4 Priorities, 3 Focuses, 2 Promises, ONE Jersey.
Politics should be practical, not performative.
4 Priorities
St Helier North
This is a defining term for St Helier North.
Debate around the hospital has become a recurring theme in Jersey. For residents of St Helier North, it means construction traffic, uncertainty over public spending, and questions about when it will be delivered.
From Centrepoint nursery to Mont à l'Abbé, d'Auvergne, First Tower and Haute Vallée, this area educates over 1,500 children and young people, around one in every nine in Jersey's education system. Alongside the residents, the streets and the services, this is our shared constituency.
For St Helier North, these are my 4 commitments:
Safer roads. A School Routes Plan with clear pavements, crossings and delivery dates. Quarterly reporting on Overdale construction traffic. A bus review shaped by the people who use it.
Green space. Working with the new Constable to reopen underused land. Accessible playgrounds within reach.
Community space. A monthly drop-in surgery rotating across the constituency. No appointments. Just turn up.
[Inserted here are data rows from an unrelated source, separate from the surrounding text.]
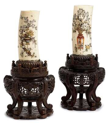 Each single tusk section mounted with mother of pearl, abalone, ivory and tortoiseshell to show flowering trees, and birds in flight, on large carved wood stands.
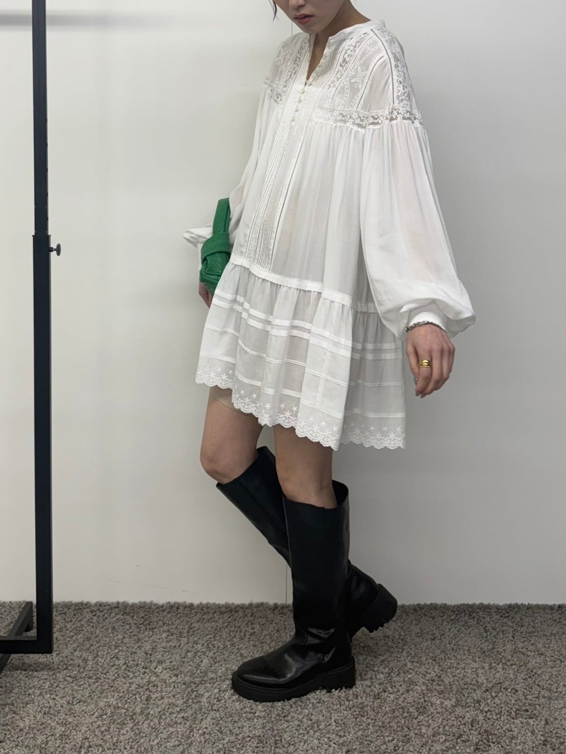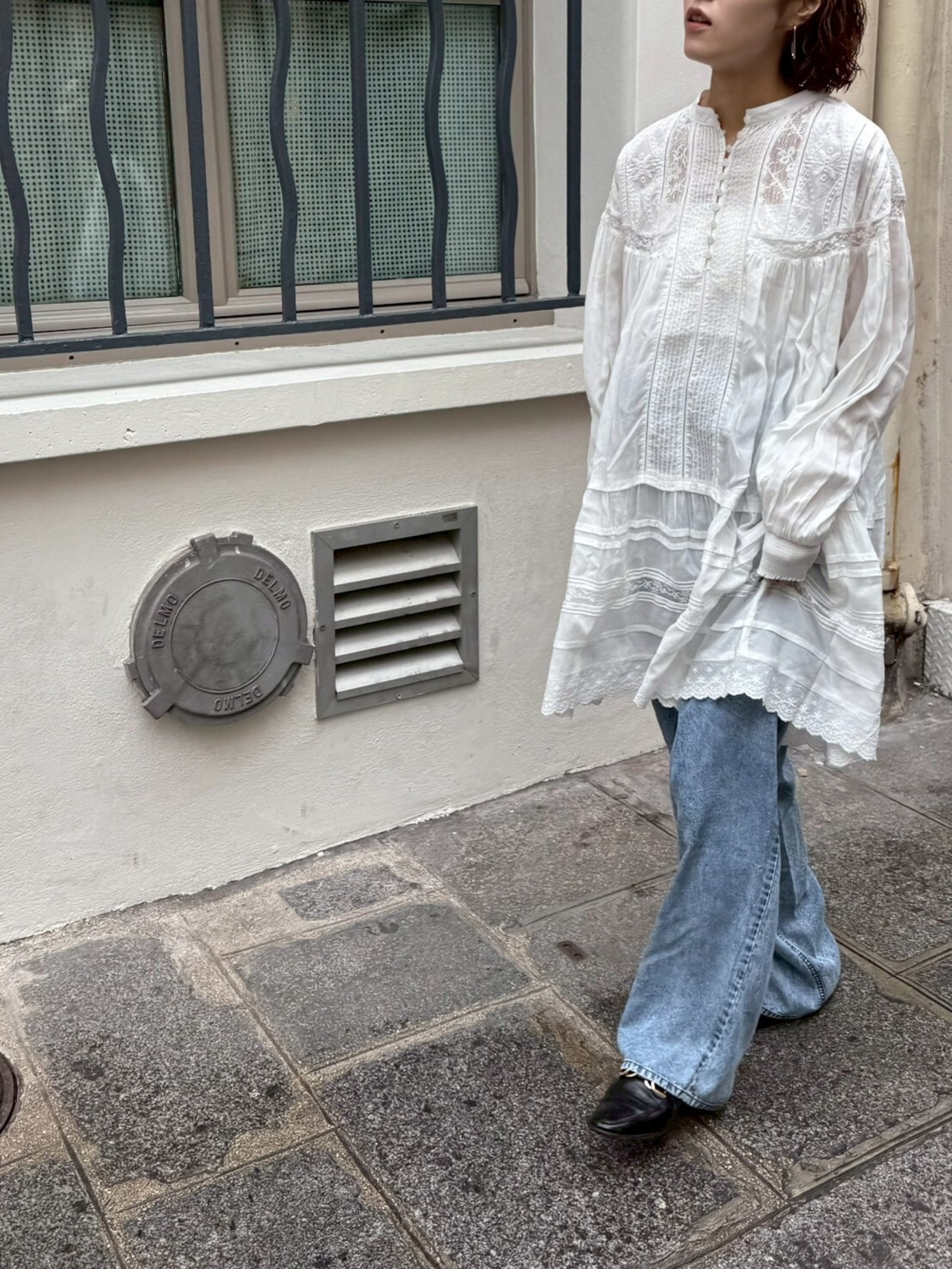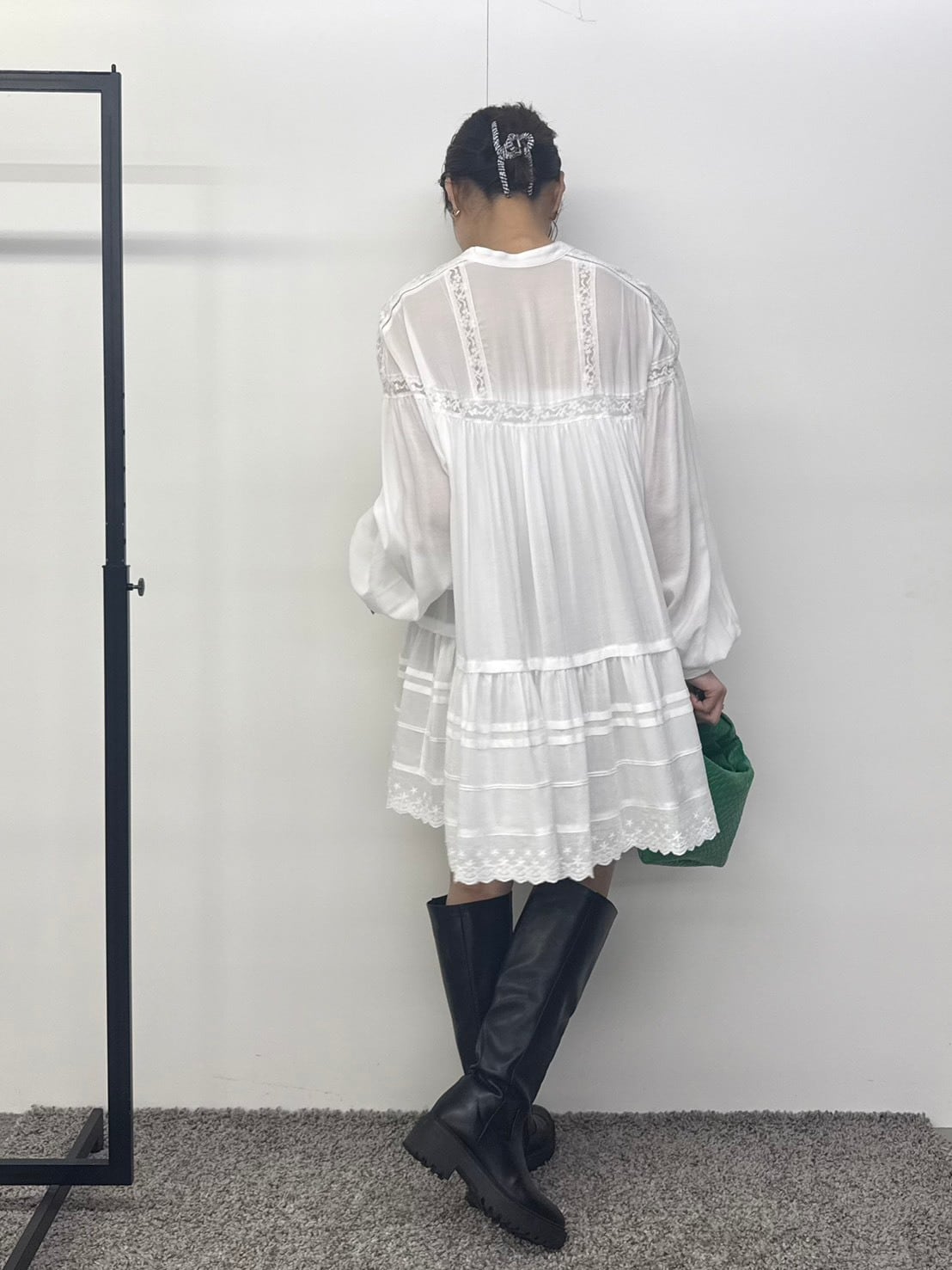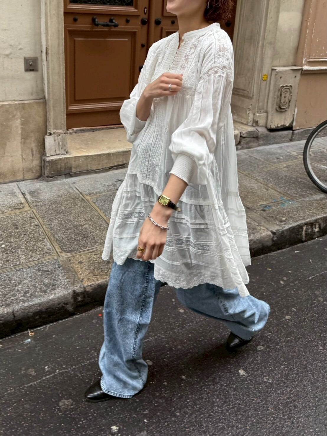 たっぷりと寄せたギャザーから広がる空気を含んだエアリーなシルエット。動くたびにふわりと揺れて、まるでアンティークのドレスのような雰囲気に。
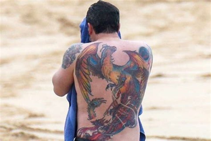 Ben Affleck's large back tattoo is a vibrant and intricate phoenix rising from the ashes, inked by renowned tattoo artist Scott Campbell. The tattoo holds deep personal meaning for Affleck, symbolizing his journey of overcoming adversity and personal struggles.
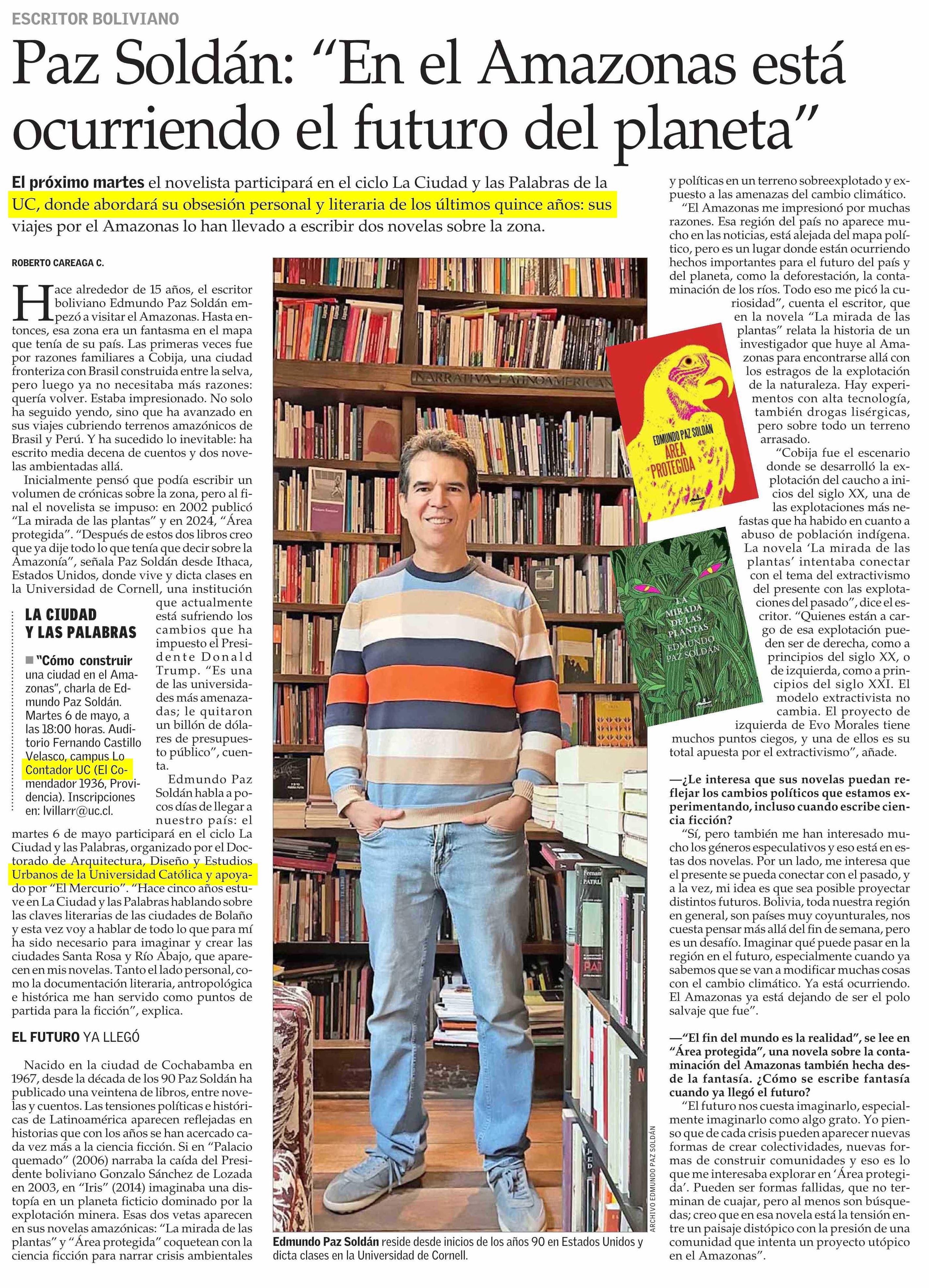 Paz Soldán: “En el Amazonas está ocurriendo el futuro del planeta” 03-05-2025 El Mercurio |
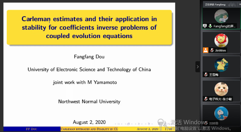 8月2日上午,应学院邀请,电子科技大学窦芳芳副教授在线为我院师生作了题为《Carleman estimates and their application in stability for coefficients inverse problems of coupled evolution equations》的学术报告。报告会由温瑾副教授主持,相关专业师生30余人参加了报告会。
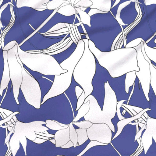 A gorgeous combination of penned florals on a solid navy front and abstract blocks on the back and sleeves designed by Susan Werner.
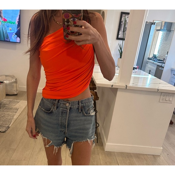 Orange One-Shoulder Top.
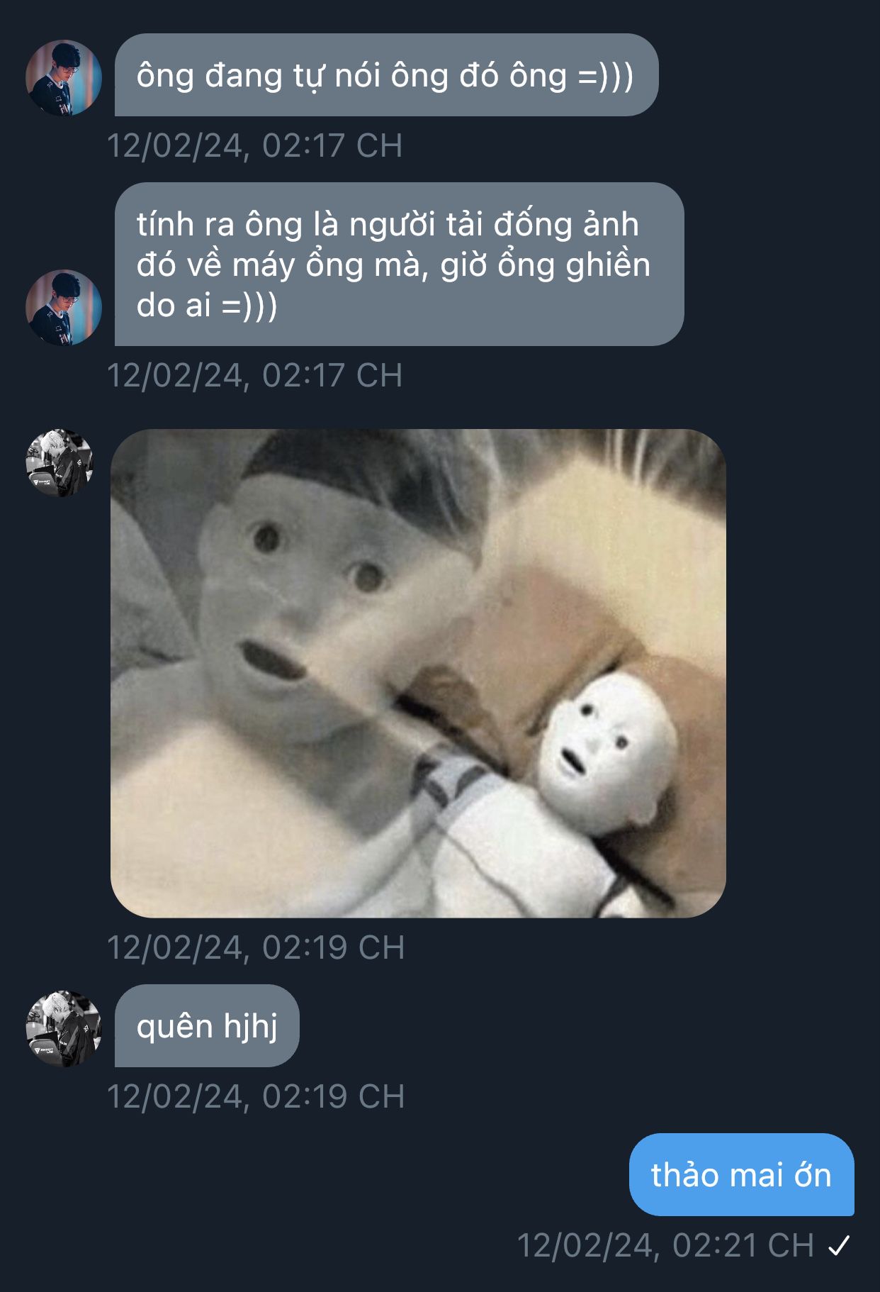 cậu gấu đang loay hoay với tên nhóc bướng bỉnh này thì có tiếng gõ cửa bên ngoài, thuận theo minhyeong liền bảo "vào đi", vốn trong đầu cậu đang khăng khăng là moon hyeonjun và choi wooje đến vì nghe sự tình, nhưng hoá ra lại là anh kim hyukkyu tới thăm.

Education for all. A Deputy who knows our schools and community, and treats education as the foundation.
3 Focuses
Every policy decision affects three things: People (who we are), Place (where we live), and Prosperity (how we thrive together). I'll measure my work in the Assembly against all three.
People
Jersey's economy runs on people, the nurses, the teachers, the accountants, the lawyers, the engineers, the entrepreneurs, the carers, the young people deciding whether to stay or leave. Get the conditions right for people, and everything else follows. Get them wrong, and no amount of economic policy will compensate.
Childcare and early years that work for every family
Childcare in Jersey is not yet designed around the realities of working parents. That has to change. Families should not be priced out of the workforce, and children should not miss out on early years provision because of where their parents happen to work or what shift they happen to do.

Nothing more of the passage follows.